Given data |
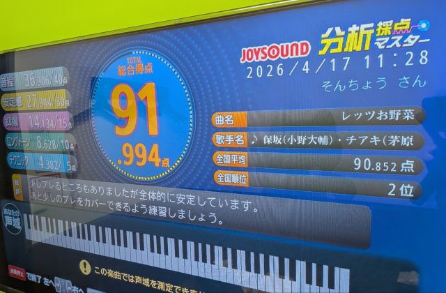 令和の今、「レッツお野菜」を歌うのが私以外にも居て嬉しい。そして2位は悔しい。
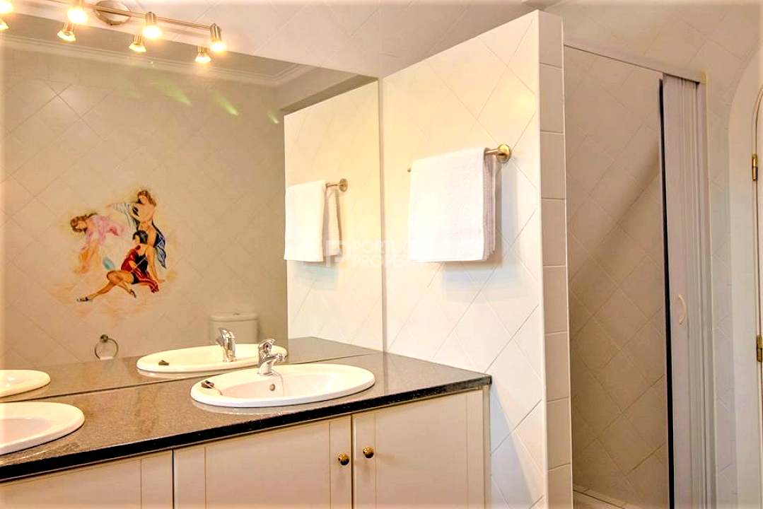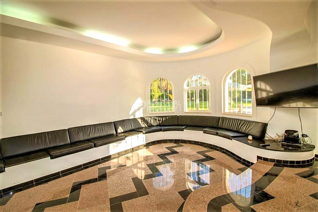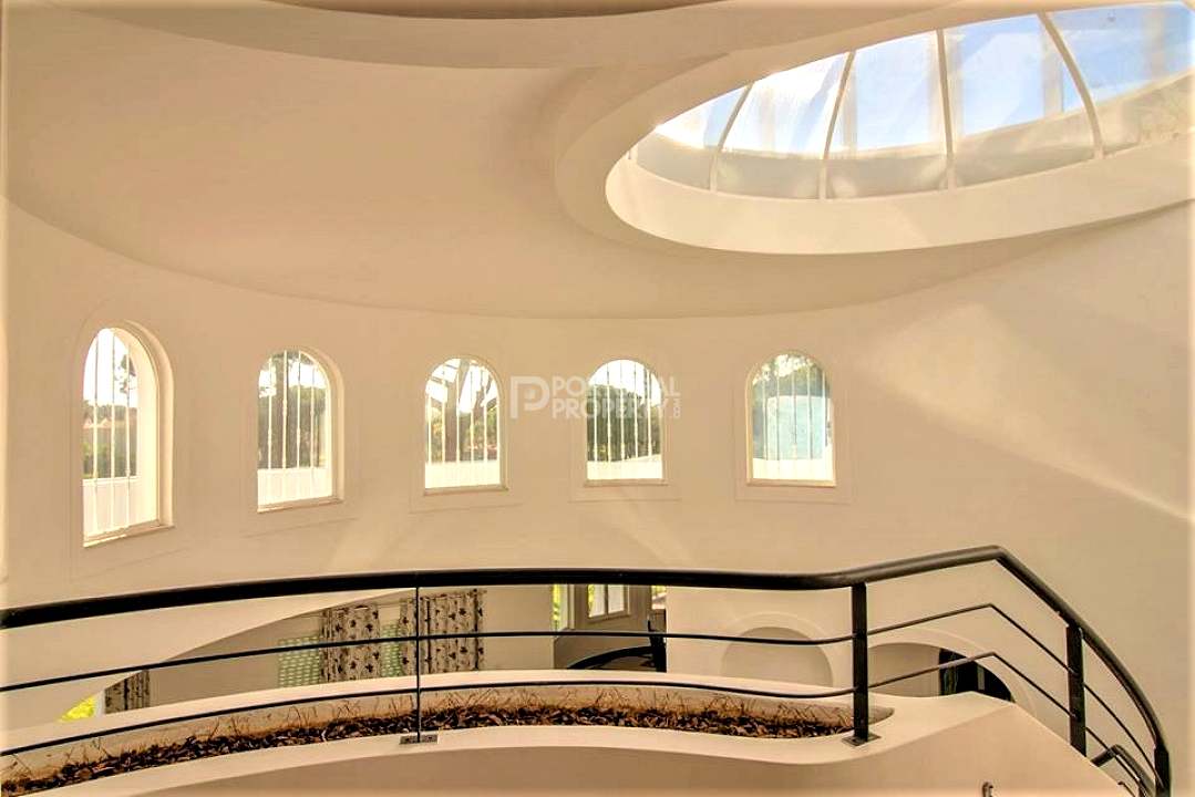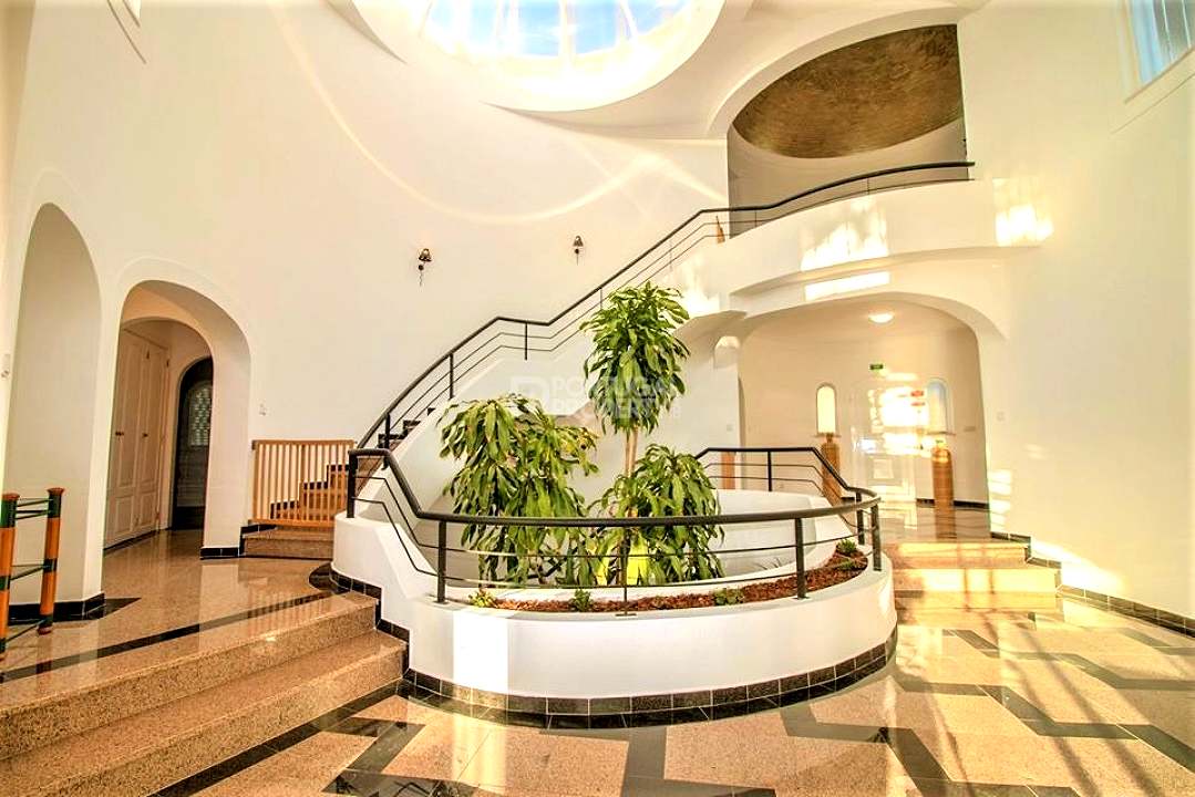 The large, bright villa has a beautiful typical round atrium/hallway from which you can access the living room and the 5 bedrooms and at the garage level, there is also a self-contained 1 bedroom apartment.
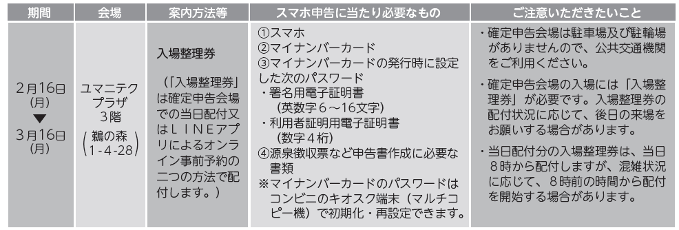 入場整理券の配付状況に応じて、翌日の来所(2月3日のみ)又は税務署の確定申告会場への来場をお願いする場合がありますので、ご了承ください。
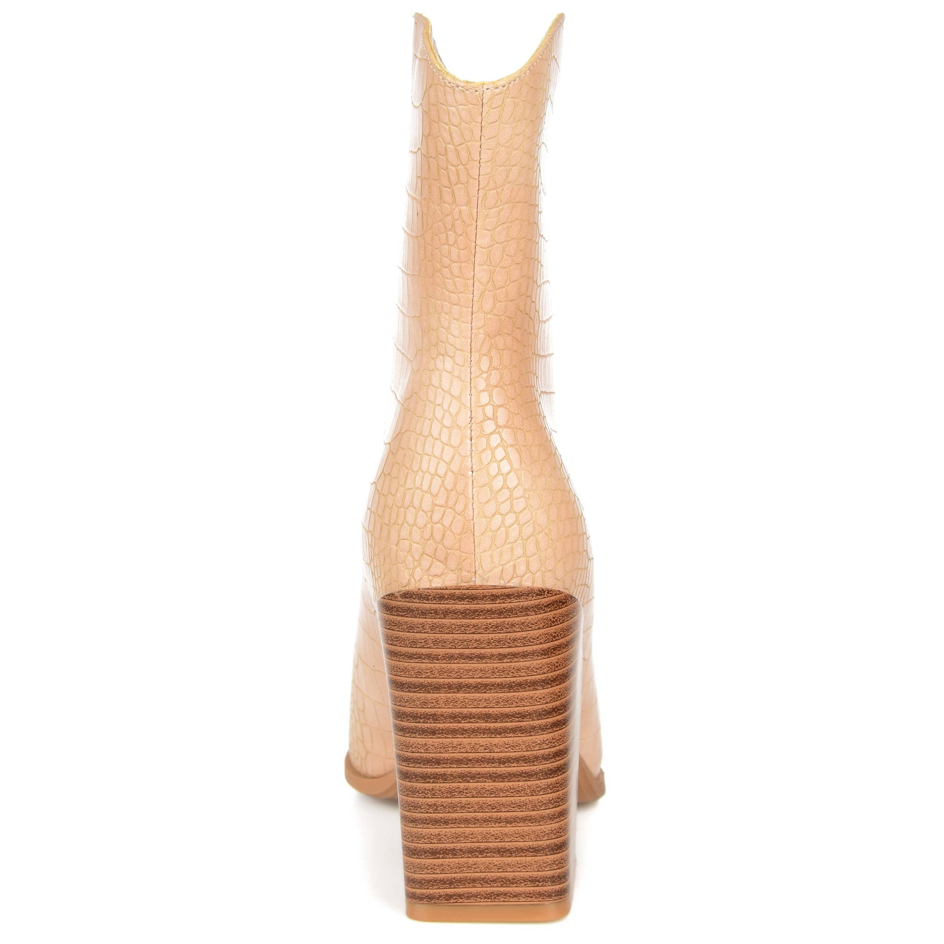 A western silhouette with a modern twist, the Brekinn by Journee Collection. Croc textured vegan leather and a square-toe shape this bold bootie. A 4mm Tru Comfort Foam™ insole adds the perfect amount of support, and a stacked heel finishes the statement. ♥Heel Height:3 1/2-inch ♥Heel Type: Stacked ♥Platform Height:Flat-inch ♥Shaft Height:5 inches ♥Top Circumference:12 inches ♥Shoe Width: Medium ♥Closure Type: Pull-on ♥Toe Style: Square ♥Lining: Fabric ♥Upper Material: Vegan Leather ♥Outersole Material: Man-made ♥Footbed: 4 MM Tru Comfort Foam™

Work instructions | Output all the material above exactly once more, leaving every picture out.

Problem solution |
 令和の今、「レッツお野菜」を歌うのが私以外にも居て嬉しい。そして2位は悔しい。
 The large, bright villa has a beautiful typical round atrium/hallway from which you can access the living room and the 5 bedrooms and at the garage level, there is also a self-contained 1 bedroom apartment.
 入場整理券の配付状況に応じて、翌日の来所(2月3日のみ)又は税務署の確定申告会場への来場をお願いする場合がありますので、ご了承ください。
 A western silhouette with a modern twist, the Brekinn by Journee Collection. Croc textured vegan leather and a square-toe shape this bold bootie. A 4mm Tru Comfort Foam™ insole adds the perfect amount of support, and a stacked heel finishes the statement. ♥Heel Height:3 1/2-inch ♥Heel Type: Stacked ♥Platform Height:Flat-inch ♥Shaft Height:5 inches ♥Top Circumference:12 inches ♥Shoe Width: Medium ♥Closure Type: Pull-on ♥Toe Style: Square ♥Lining: Fabric ♥Upper Material: Vegan Leather ♥Outersole Material: Man-made ♥Footbed: 4 MM Tru Comfort Foam™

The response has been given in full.